Vagrant, bum, or transistional?

There are many terms used for the homeless.  Vagrant.  Bum.  Hobo.  Transitional.  Homeless.  Displaced. Some choose to be in the condition they are in.  Some are victims of an unexpected circumstance.  Some are permanent seeming.  Some want to be temporary.  There are varying degrees of hope among them all, ranging from hopelessness to new day, new hope.  Guys who have been on the street for a while, whether since youth or as an adult, tend to hold younger new homeless accountable.  There is generally exchange of a power struggle of sorts, its human nature and free will that does it.  Younger guys don’t want to be told how to act or be.  Very much like a “normal” family.  Trying boundaries.

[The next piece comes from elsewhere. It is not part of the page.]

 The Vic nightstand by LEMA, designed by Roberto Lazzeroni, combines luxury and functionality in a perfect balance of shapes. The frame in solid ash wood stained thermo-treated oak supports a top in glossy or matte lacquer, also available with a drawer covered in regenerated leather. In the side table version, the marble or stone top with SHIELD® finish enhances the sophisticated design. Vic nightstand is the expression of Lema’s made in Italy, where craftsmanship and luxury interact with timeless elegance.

There seems to be three groups among the homeless.  The first is the group that has been on the streets for a very long time and really don’t want or can’t find a way to get off of them and the vices and addictions that they may have.  These people hunker down in one spot for a long term, making an area their home because they feel safe and can get by where they are.  The next group are those who travel.  They may be out on the streets for a long time and are looking for a place to settle or they may be new to the streets and don’t know where to go.  Many travel to find warmer weather as the seasons change.  It’s easier to live in a climate that doesn’t have freezing rain and snow and require you to go into a shelter that you might not trust.  The third group are the ones who for whatever reason find themselves on the street when they weren’t there yesterday. This group tends to have a drive to get back off the street as quickly as possible.  Get a job, live homeless, save some money, find living space.  Get back to normal.

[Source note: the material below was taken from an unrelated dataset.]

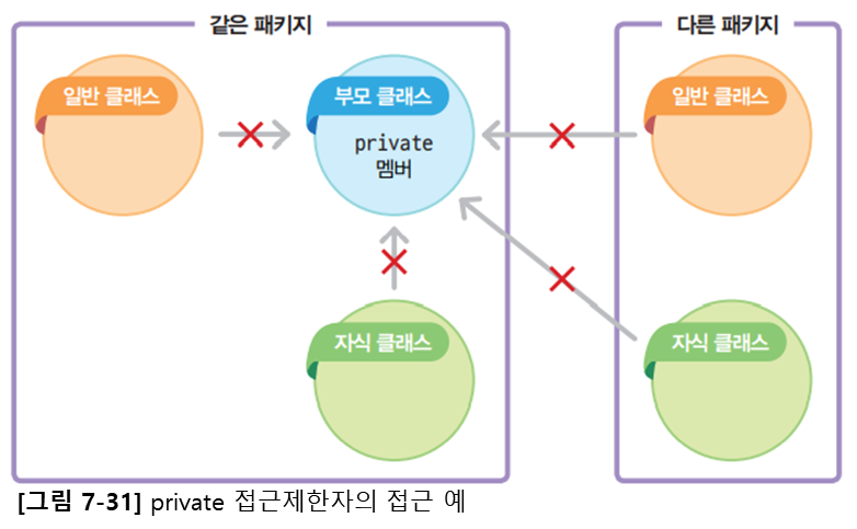 - private로 선언된 필드, 메서드, 생성자는 엄격하게 제어되므로 둘러싸는 클래스 외부에서 접근할 수 없음.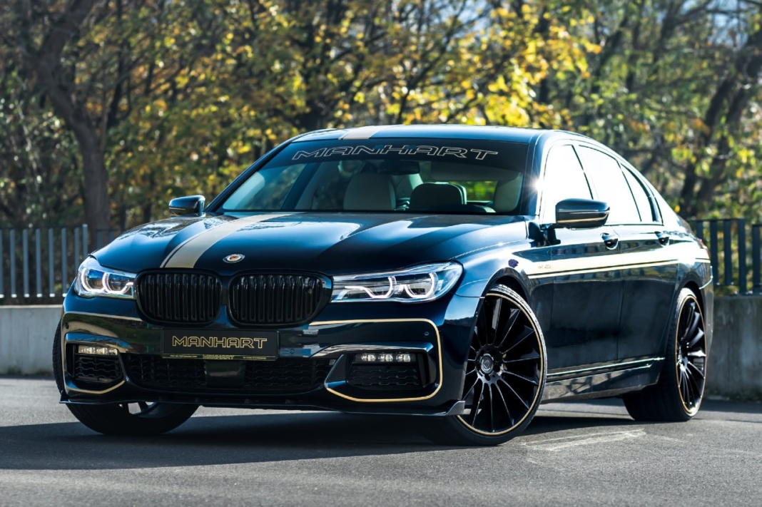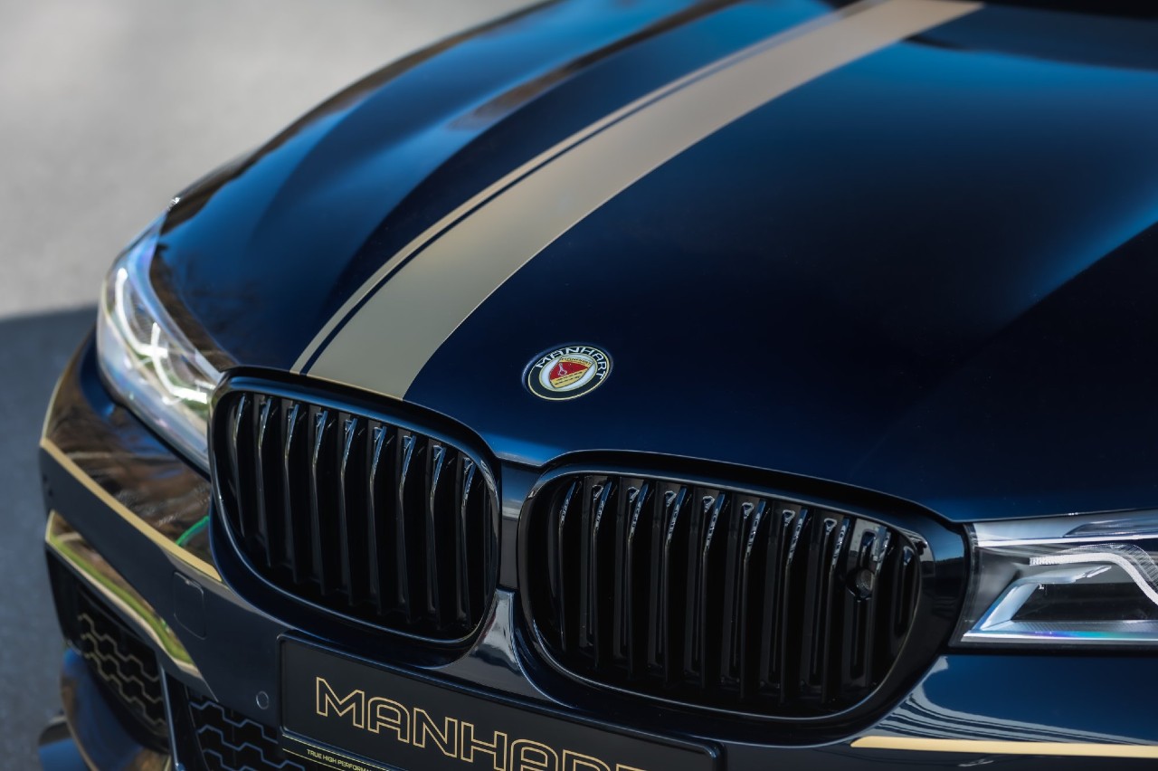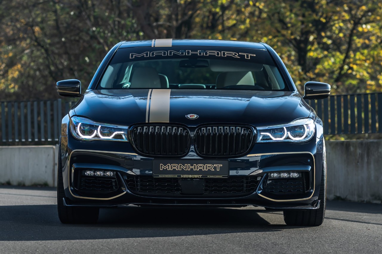 El Serie 7 de Manhart corresponde al modelo anterior al restyling que aplicó la marca alemana en 2019, con el paquete M. Pero las modificaciones aplicadas son compatibles con la versión actualizada. Incluye un divisor frontal con un labio de fibra de carbono, la librea características del afinador alemán, con detalles en dorado e insignias de Menhart, en sustitución de los emblemas de BMW.

As a missionary, as a Christian, who do you choose to help?  The  addict who simply refuses to find a reason to change?  The seasoned street traveler who would rather go from town to town than own or rent a home?  The recently displaced who wants to get a home and a job as quickly as possible?  Jesus tells us to help everyone.  To love everyone.  Unconditionally.  Faith, hope, charity.  The greatest of these is charity, and charity is defined as love.  Love your neighbor as yourself.  So who do you help?  Everyone.  You can’t help everyone all at once.  But we are expected to reach out to each other.  It doesn’t have to be a meal, there are many food programs that homeless can get to.  But, if you see someone who is obviously asking please could I have a couple bucks to eat?  Feed them. There was a guy who couldn’t speak English going from car window to car window at an intersection in a city I was in.  He was asking for money to go buy food.  There was a McDonald’s not even a block away and he was gesturing with his hand to eat and pointing at McDonalds.  Before I could reach him, someone did give him some money.  Guess what?  He went right to McDonalds and got something to eat.  I watched.  Not every panhandler is looking for booze or drug money.  If it doesn’t feel right to give them money, go get them the food and bring it back.  Better yet, ask them to come with you and buy them the meal.  How else can you help?  Talk to someone.  Give them some self respect, a little conversation.  Humanity.  And yes, Christian caring.  Like it or not, if you aren’t a believer, simply being kind to someone is a Christian act.  It’s an act of love.  So get over it, God wants us to be good to each other.  What else can you do?  There is so much you can do.  If you are afraid to talk to someone alone, take someone with you.  Donate your time.  Donate food.  Donate clothes.  Offer a ride. Offer shelter. It is endless what needs to be done.

And don’t think for a minute that it couldn’t be you on the other side looking for someone to give you a hand up. Love the Cross, remember Who died on it for us.  Help your fellow man, it doesn’t matter which group a homeless person belongs to.  They all need help in some way.